Isabela by ~Shercan, DeviantART
   Isabela, gata ribeirão-pretana. Logo no primeiro dia, uns quatro a cercavam. Contudo seu interesse era em um mineiro conhecido nesta história. Ele ouviu, olhou, gaguejou, confessou: 
  -Uba de que?
  -Umberto
  -Beto?
  -Beto, é, pode ser.
  -Você é o carinha lá da química né?
  Depois de um ano, quem lá negaria que passou em economia.

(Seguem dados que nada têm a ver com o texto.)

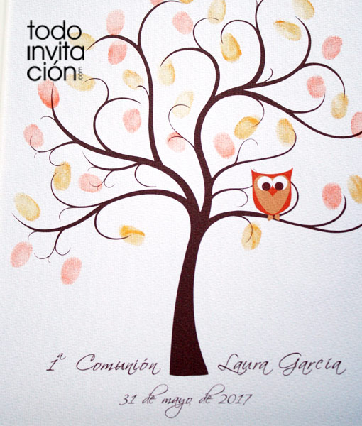 Cuadro de huellas para comunión “Árbol Búho” (2 tamaños)
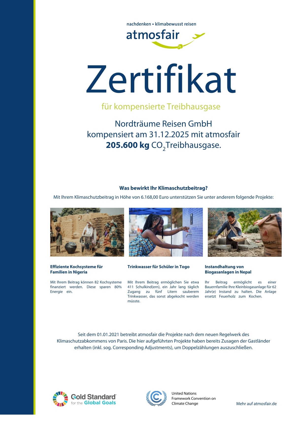 Die CO₂-Emission aller Flüge, die wir für unsere Kunden buchen, kompensieren wir bereits seit 2015 mit den Klimaschutzprojekten von Atmosfair.

Aluno de transferência não fica com o nome na lista da fuvest... Ainda mais mentir diante de uma deusa.
  -Na verdade faço economia, mas trabalho lá de manhã.
  -Uau, como dá conta?
  -É noturno e a cantina nem sempre fica cheia.
  -Sei, também te vejo lá na FEA...
  -...
  -Quero dizer, meu... irmão estuda lá e eu... eu acho que te vi indo pro CEFER ver a Gaby da... Ai meu Deus, ou eu te vi indo pro aloja e...Ai droga, tchau.
Swimmer by ~complejo, DeviantART
   Isabela não desistiu, entrou para a equipe de natação, conversou com Ela, perguntou de Umberto, nada de orkut, facebook, lista de vestibular, listas de transferências. Umberto não existia pra o Google.
   Nas férias de julho ele desapareceu e não voltou no semestre seguinte, em que Gabriela transferiu-se para São Paulo para integrar a grande equipe de Pinheiros.
    Uba investiu todo seu dinheiro da cantina e, em fevereiro seguinte, caminhava novamente na ponte do lago da USP, careca, com a lista de aprovados na mão, onde encontrou uma bela garota, Ela, Isabela. E a beijou.
   Umberto Teodoro forma-se no final do ano em tempo recorde. Viverão felizes para sempre.